Но мысль о предстоящем светском сезоне слишком возбуждала Мариану, и она не обратила на мамины слова никакого внимания. Одна почтенная вдова, подруга папиной мамы, должна была представить ее в свете и сопровождать. Папа много времени проводил в лондонском доме, и бал для Марианы был назначен на конец мая. Филип, Хью и я в это время должны были находиться в школе и, кроме того, были слишком малы, чтобы танцевать на балу.
– Слава богу! – сказал Филип, который ненавидел танцы.
Но Жанна и Элизабет должны были надеть праздничные платья и в течение часа вместе с мисс Картрайт наблюдать за началом бала. Маркуса, в свои восемнадцать заканчивающего Итон, по этому случаю отпускали в Лондон, и Уильям, которому почти исполнилось двадцать, тоже обязан был присутствовать там. Закончив Уинчестер и проведя несколько месяцев в континентальной Европе, чтобы «расширить познания», он размышлял, не поехать ли ему в Оксфорд осенью 1911 года. Мне казалось, что он не поедет. Учиться ему не нравилось, и в глубине души он надеялся, что сможет жить на вольном воздухе, предаваясь традиционным занятиям: охоте, стрельбе и ловле рыбы. Но летом ему нечего было делать, кроме как наслаждаться лондонским сезоном, и он уже предвкушал знакомство с симпатичными девушками.

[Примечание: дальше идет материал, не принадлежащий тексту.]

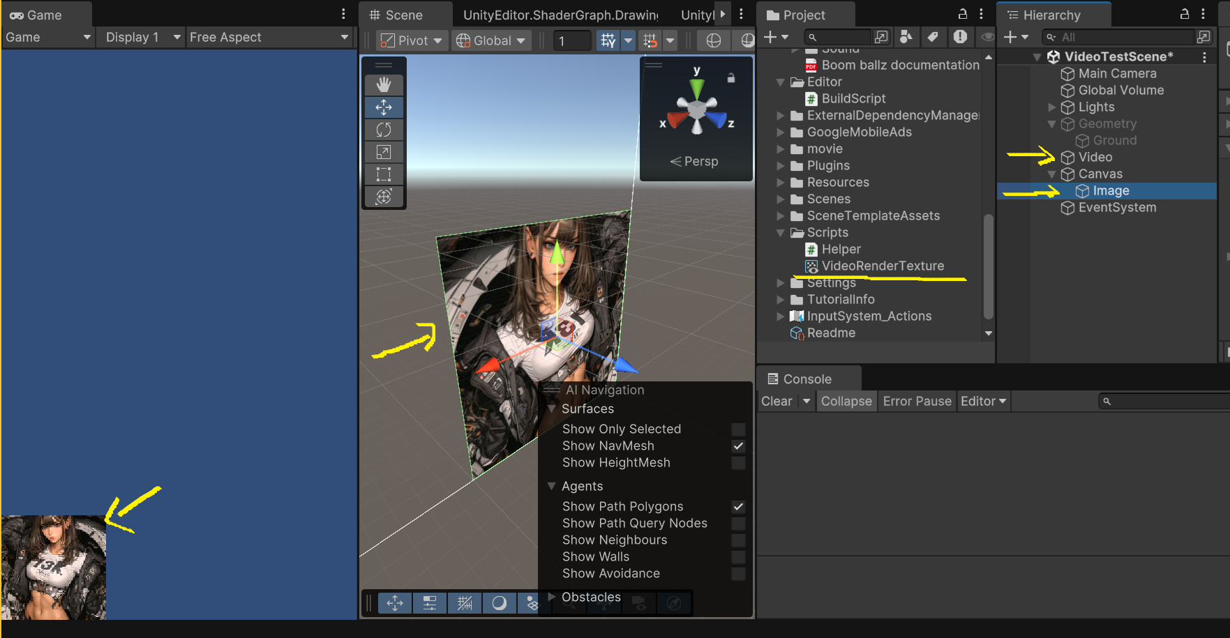 이러면 UI 에 사각 이미지에 영상이 화면에 나오게 됩니다.
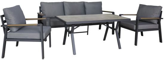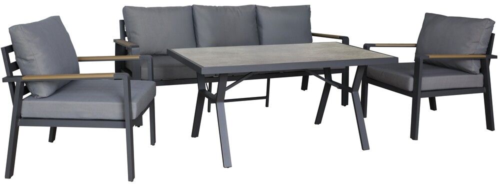 Luksuzen aluminijast komplet Sibiu združuje eleganten grafitni okvir, sodobne linije in trpežne materiale za dolgo življenjsko dobo. Mizna plošča iz aluminija in smole v temno sivem kamnitem vzorcu ustvarja prefinjen videz, ki se odlično poda tako na teraso ali vrt kot tudi v notranje prostore. Nasloni za roke v videzu lesa dodajo toplino in estetski kontrast celotni zasnovi.
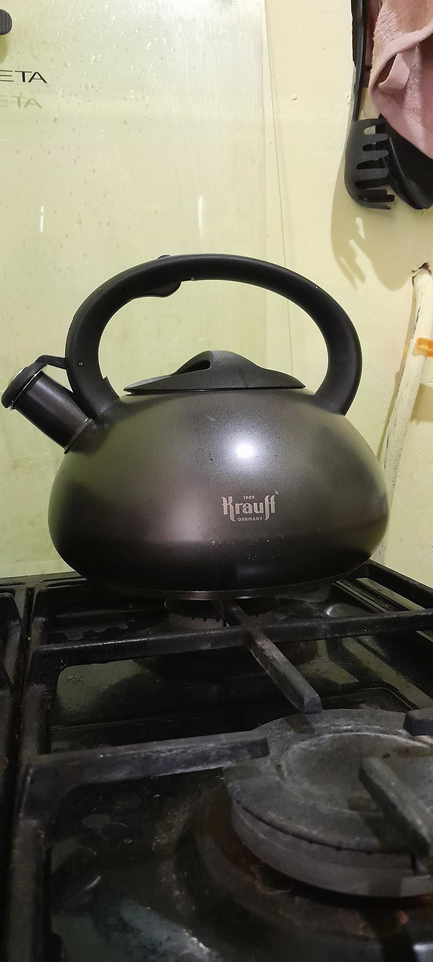 Купив такий чайник майже 3 місяці тому, зі скидкою до Дня народження. Поки що, політ нормальний. Зовнішній вигляд подобається, важкенький, в порівнянні з іншим, подібним, чайником. Єдиний, як на мій погляд, недолік - при закіпанні, з під кришки виходила частина пари, тому свисток, як на мене, свистів недостатньо гучно, тим більше, що той пар гріє ручку та може обпекти руку коли береш чайник. Пробував повернути кришку в інше положення. не допомогло. Одягнув на металеву частину (під пластик) резинове кільце і воно спрацювало. Пари з під кришки майже не стало, свисток свистить як у паровоза, чути навіть в самій дальній кімнаті. Тепер задоволений як слон, от тільки резинка, від температури, швидко виходить зі строю. Буду шукати інший варіант, щось силіконове. 5+
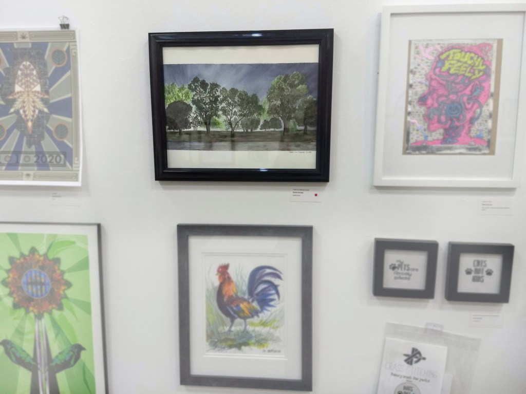 Part of the benefit of the fundraiser was an opening night reception, which offered the chance to see your own art hanging with all the other donated pieces, and/or a chance to snap up the pieces you wanted to buy ASAP (though the gallery was open through the month of December for people to browse at their convenience). There were also snacks and wine. The reception ran during a two-hour window; Jake and I dropped by about half an hour in to check it out. I found my piece on the wall, delighted in seeing it hanging there like a legitimate piece of art, and took a picture. I also noticed that it, along with about 1/3 of the other pieces in the gallery, had a little red dot on the title card. “What does that mean?” I asked a friendly, chatty lady who’d greeted me upon entering the gallery.
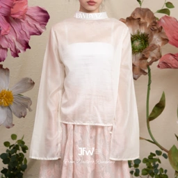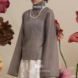 A sheer pleated blouse with a high neckline for a clean, graceful finish. The pleats add subtle movement, making it a piece that feel both classic and effortlessly modern.
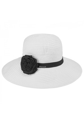 Главная страница Женские летние шляпы и кепки Белая шляпа с черным цветком - 001-02.01
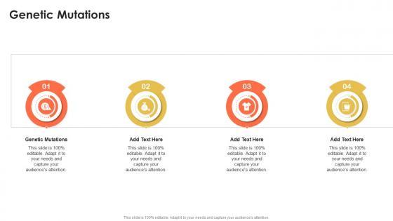 Introducing our well-designed Genetic Mutations In Powerpoint And Google Slides Cpb. This PowerPoint design presents information on topics like Genetic Mutations. As it is predesigned it helps boost your confidence level. It also makes you a better presenter because of its high-quality content and graphics. This PPT layout can be downloaded and used in different formats like PDF, PNG, and JPG. Not only this, it is available in both Standard Screen and Widescreen aspect ratios for your convenience. Therefore, click on the download button now to persuade and impress your audience. Our Genetic Mutations In Powerpoint And Google Slides Cpb are topically designed to provide an attractive backdrop to any subject. Use them to look like a presentation pro.
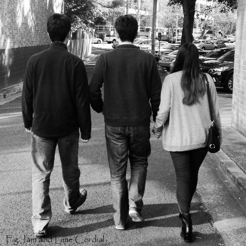 On Sunday, the sun came out to brighten a calm, glorious winter’s day. We went to lunch with my folks, and I took this photo of the kids as we were walking back to the car. My trailing behind photos have always been of our two (the previous ones are here and here), but now there are three. The adorable Monkey Girl joined us for lunch – we love her to bits…
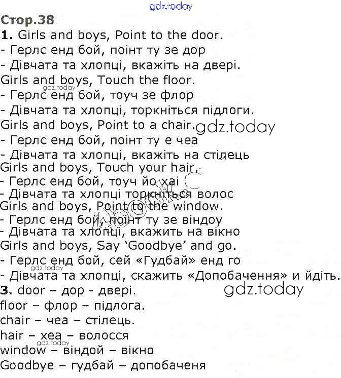 На страницах сайта gdz.today вы найдете учебный и вспомогательный материал, направленный на улучшения знаний школьной программы. ГДЗ - онлайн мир знаний Рішення до Сторінки 38 Учебнику по Английскому языку для 2 класса Карпюк Видавництво Астон 2019
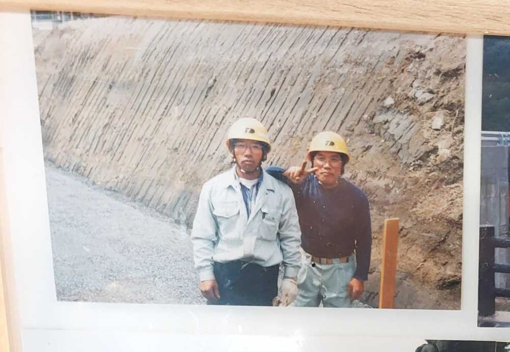 午後 昔 一緒に仕事した 同年齢の友人の葬儀に行ってきました。「は~ちゃん」・・いつも一生懸命仕事していました。力持ちで 腰に安全ベルト 工具袋に金づち シノ(建築用番線しめ)ペンチ など 一式ぶら下げて型枠を組んだり 鉄筋を組んだり 汗をボロンボロン流しながら 働いていた姿を思い出します。お世話になった方(右・故フミさん・大先輩)と一緒の写真が飾られていました・・懐かしいですわ・・合掌。ご冥福をお祈りします。
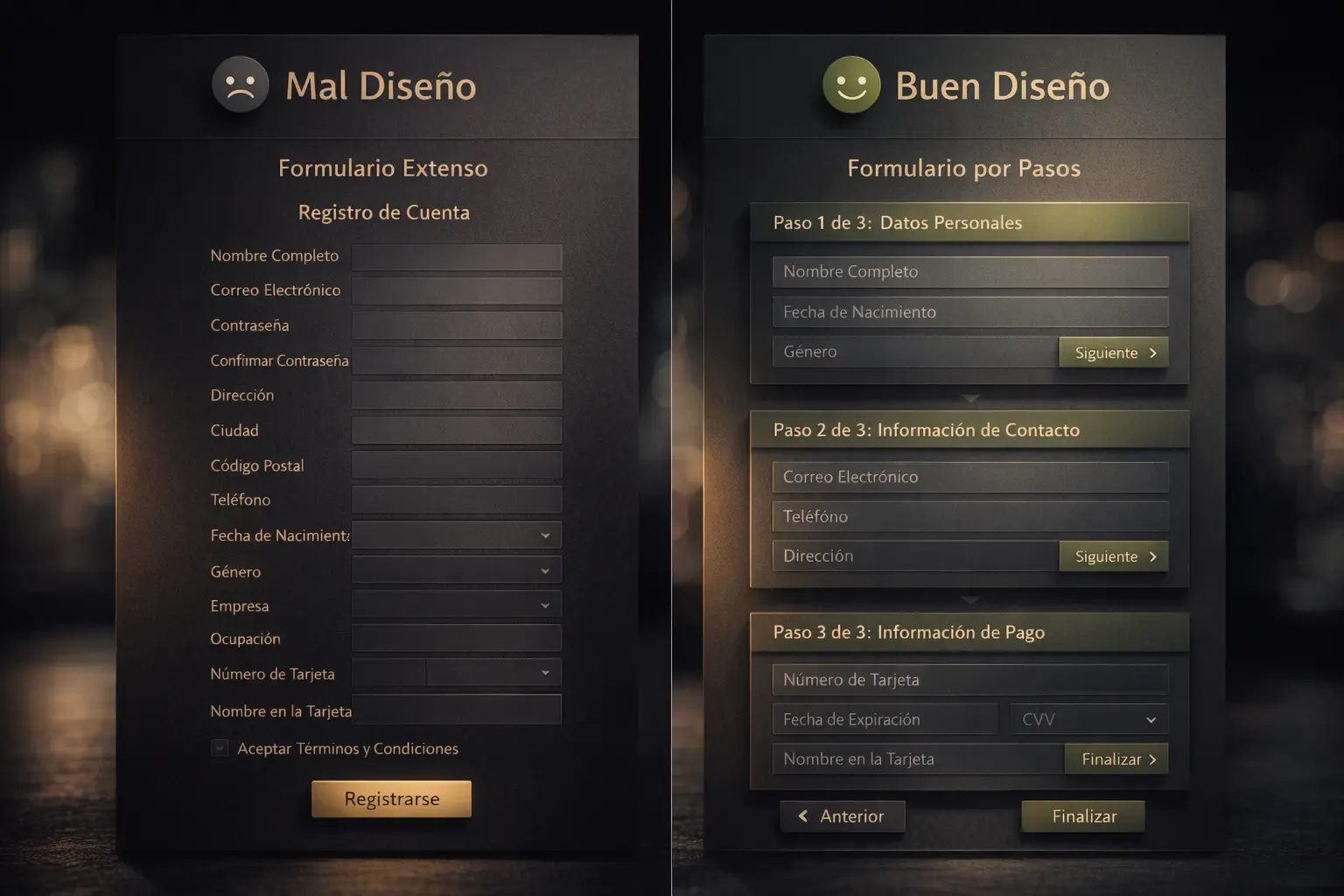 ❌ Mal diseño: Un formulario con 20 campos en una sola pantalla.
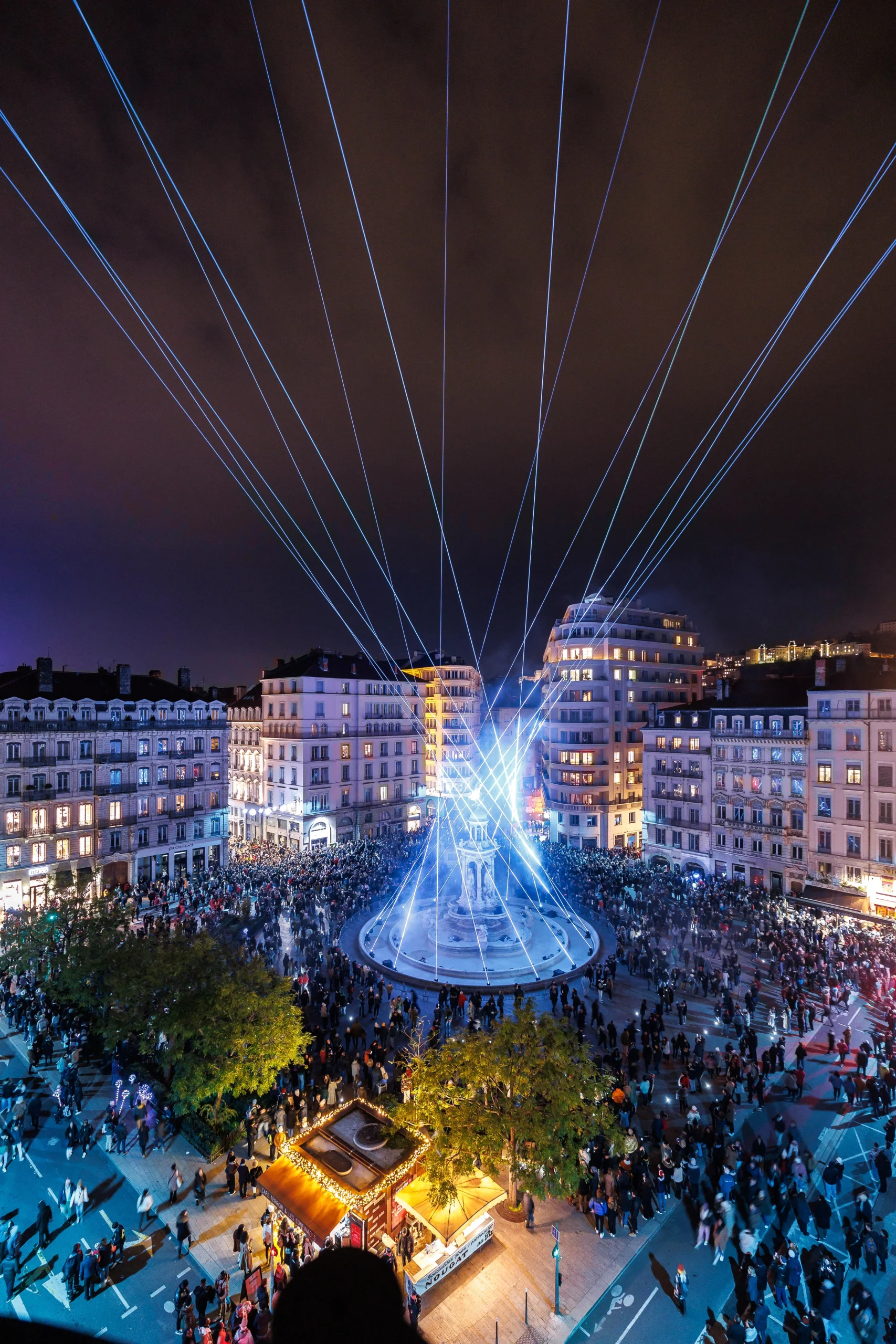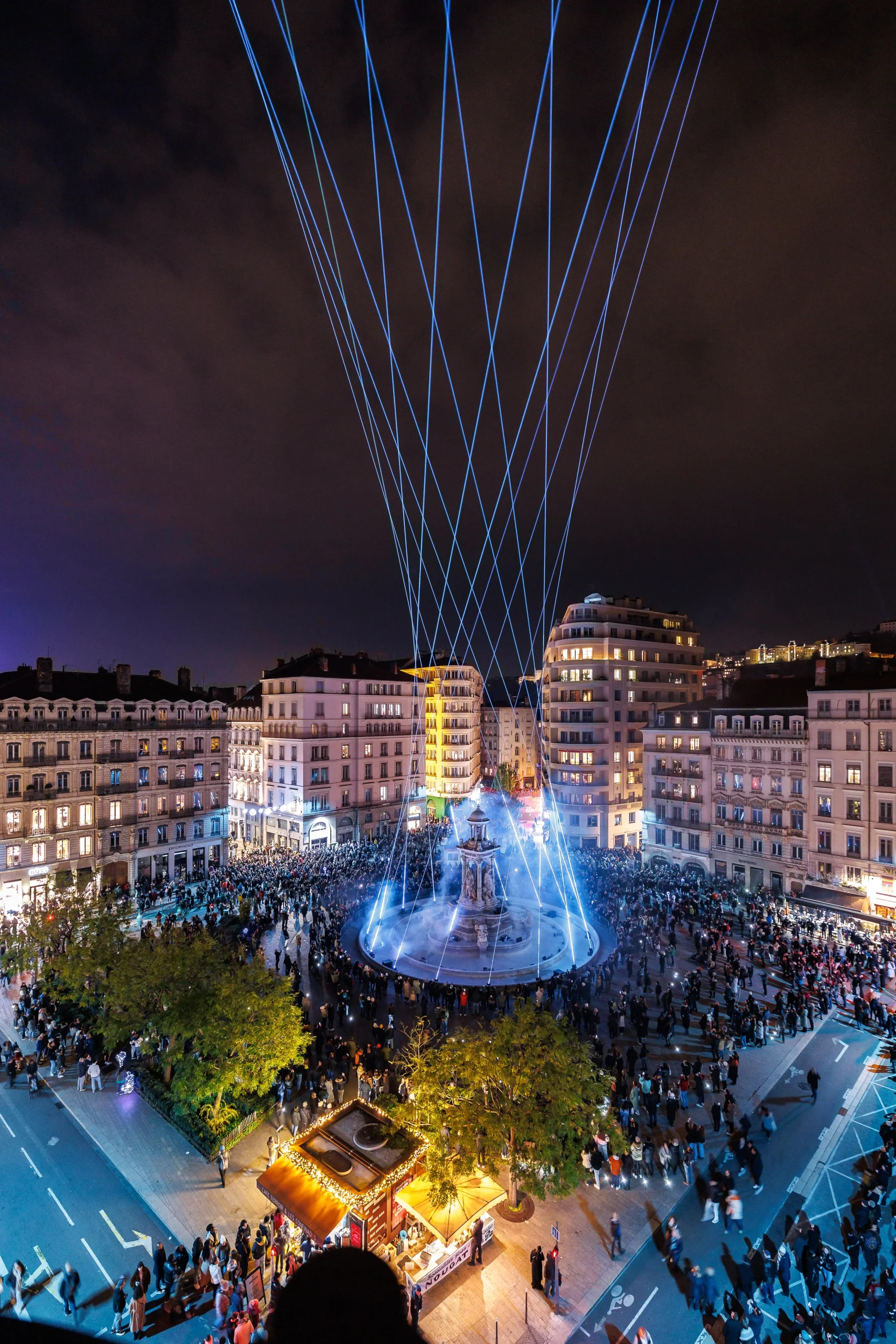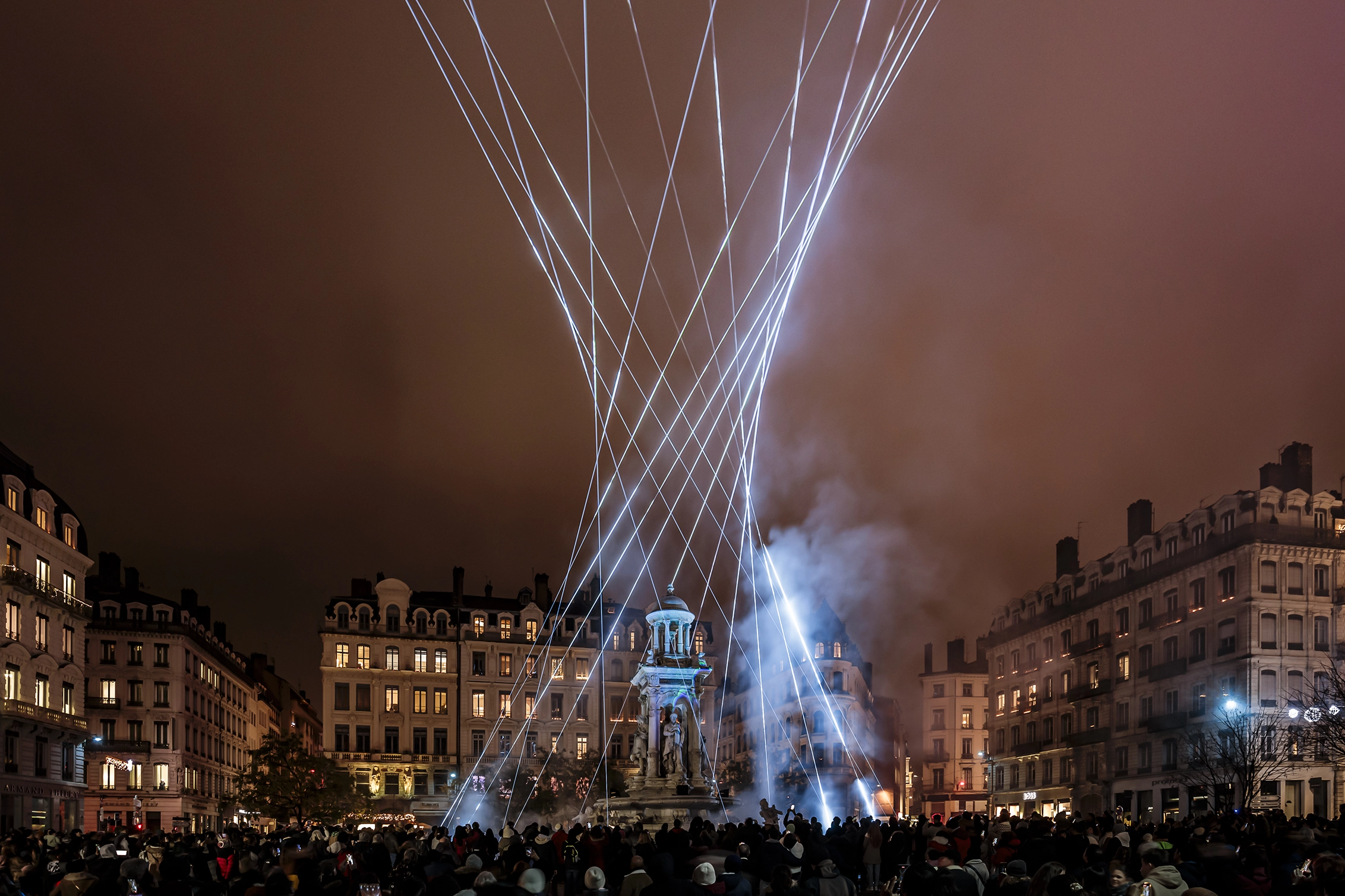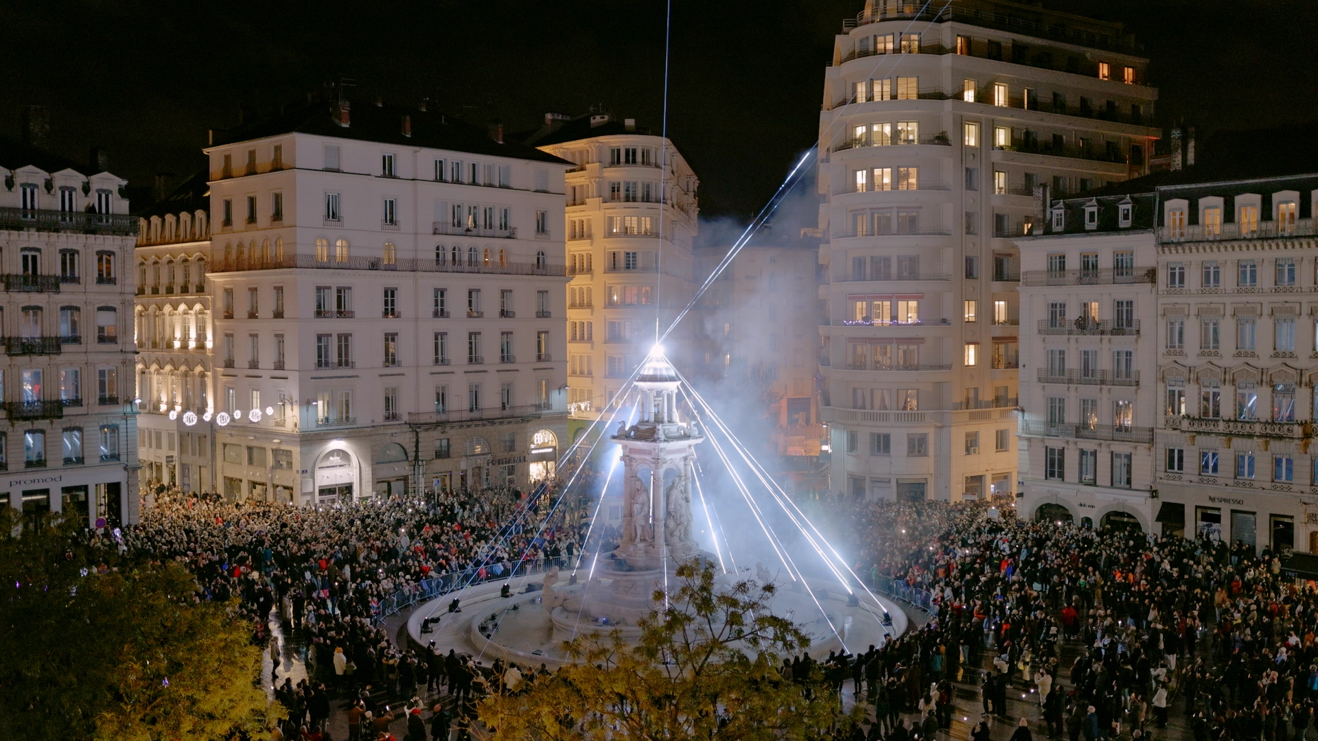 Écrin est une installation laser monumentale commandée pour la Fête des Lumières de Lyon. Conçue spécialement pour la fontaine historique des Jacobins, cette installation transforme ce monument néoclassique en une pièce maîtresse rayonnante, tant sur le plan architectural que symbolique.
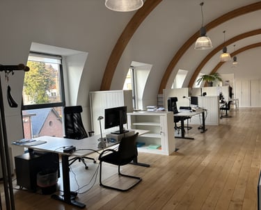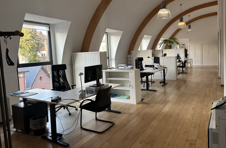 Implanté en intérieur d’îlot et situé au troisième étage avec ascenseur, cet espace de bureaux d’environ 270 m² offre un cadre de travail lumineux, calme et agréable. Les volumes ouverts, l’architecture en arcs et l’apport généreux de lumière naturelle participent à une atmosphère de travail qualitative et apaisante, propice à la concentration, à l’accueil et au travail d’équipe.
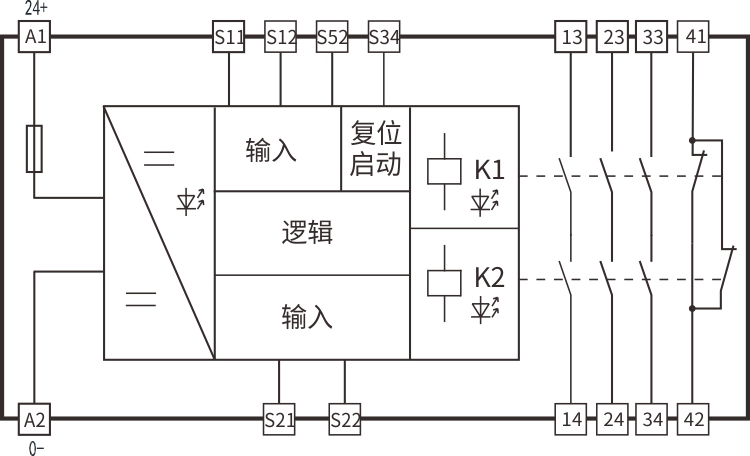 SRS-226-2N/P-3NO1NC是一款適用于具有開關(guān)量的安全產(chǎn)品輸入,具有3路常開(NO)安全輸出觸點(diǎn)和1路常閉(NC)輔助輸出觸點(diǎn)的安全繼電器。它可選擇單/雙通道操作,手動/自動復(fù)位。

Меня девушки смущали. Я не знал, о чем с ними говорить, и решил, что большинство из них легкомысленны и не стоят моего внимания. Конечно же, Мариана, которая безостановочно говорила о своем дурацком представлении ко двору и о не менее дурацком бале, казалась мне самой легкомысленной из всех, кого я встречал.
– Ах, тетя Роза! – восклицала она. – Ты ведь придешь на бал, не правда ли? Пожалуйста, приходи! Я не вынесу, если ты не придешь!
Но мама подхватила какую-то инфекцию, и здоровье не позволило ей ехать в Лондон.
Некоторое время я размышлял, приедет ли миссис Касталлак на дебют своей дочери, но об этом не упоминалось, и я подумал, что Мариана в глубине души рада, что бывшая жена фермера не будет присутствовать на таком великосветском событии. Она ни разу не сказала папе, что ее матери следовало бы приехать.
К этому времени отношение Касталлаков к своей матери стало противоречивым. Маркус, когда ему исполнилось шестнадцать, попросил разрешения поехать к ней одному, но папа пообещал ему, что как только он закончит учебу, то сможет видеться с ней, когда захочет, и Маркус согласился подождать еще два года до окончания Итона. Мне пришло в голову, что, хотя Маркус совершенно искренне хотел увидеться с матерью, он нервничал при мысли о том, что увидит ее через столько лет, и его стало легче уговорить отложить свидание, чем раньше. Еще я заметил, что за исключением Филипа, который по-прежнему грозил убежать из школы и побороть всякого, кто бы вздумал его удержать, когда ему исполнится шестнадцать, Касталлаки не горели желанием увидеться с матерью.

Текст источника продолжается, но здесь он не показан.